Thomas Clark, General Counsel

Thomas Clark
General Counsel
Asian Development Bank

A strong rule of law is both an outcome and enabler to achieving the Sustainable Development Goals, as well as ADB’s Strategy 2030 of achieving a prosperous, inclusive, resilient and sustainable Asia and the Pacific.

ADB’s Office of the General Counsel (OGC) has a long-standing commitment to strengthening the rule of law through its Law and Policy Reform (LPR) Program. Since 1995, the LPR Program has helped to create and modernize laws and systems that encourage investment, respect property rights and contracts, reduce inequities and strengthen institutions. Despite its modest size, the LPR Program has been able to demonstrate meaningful impact through well-targeted interventions and building on lessons learned over the years.

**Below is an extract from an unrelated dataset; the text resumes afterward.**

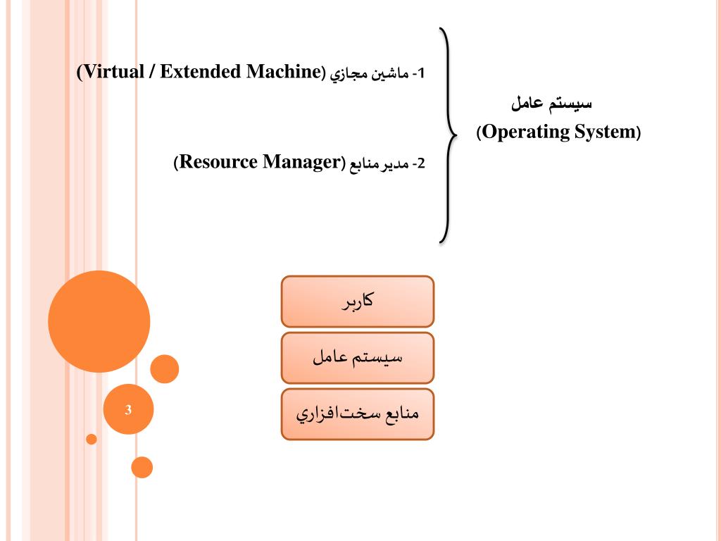 كاربر سيستم عامل منابع سختافزاري 1- ماشين مجازي (Virtual / Extended Machine) سيستم عامل (Operating System) 2- مدير منابع (Resource Manager)

The central premise of the LPR Program is that a functioning legal system is essential to inclusive and sustainable development. Such a system is anchored on the rule of law and comprises a comprehensive legal framework and effective judicial, regulatory, and administrative institutions that establish, implement, and enforce laws and regulations fairly, consistently, ethically and predictably.

Under the LPR Program, our lawyers design, process and implement technical assistance projects directly to ADB developing member countries (DMCs) in areas relating to legal and judicial reforms. It covers eight focus areas: (i) Anti-Money Laundering and Combating the Financing of Terrorism; (ii) Digital Economy; (iii) Domestic Resource Mobilization and International Tax Cooperation; (iv) Environmental Protection and Climate Change; (v) Financial Sector Development; (vi) Inclusive Growth and Access to Justice (including Gender Equality); (vii) Private Sector Development; and (viii) Public-Private Partnerships. We also provide implementation support to ADB’s operational departments on various LPR interventions.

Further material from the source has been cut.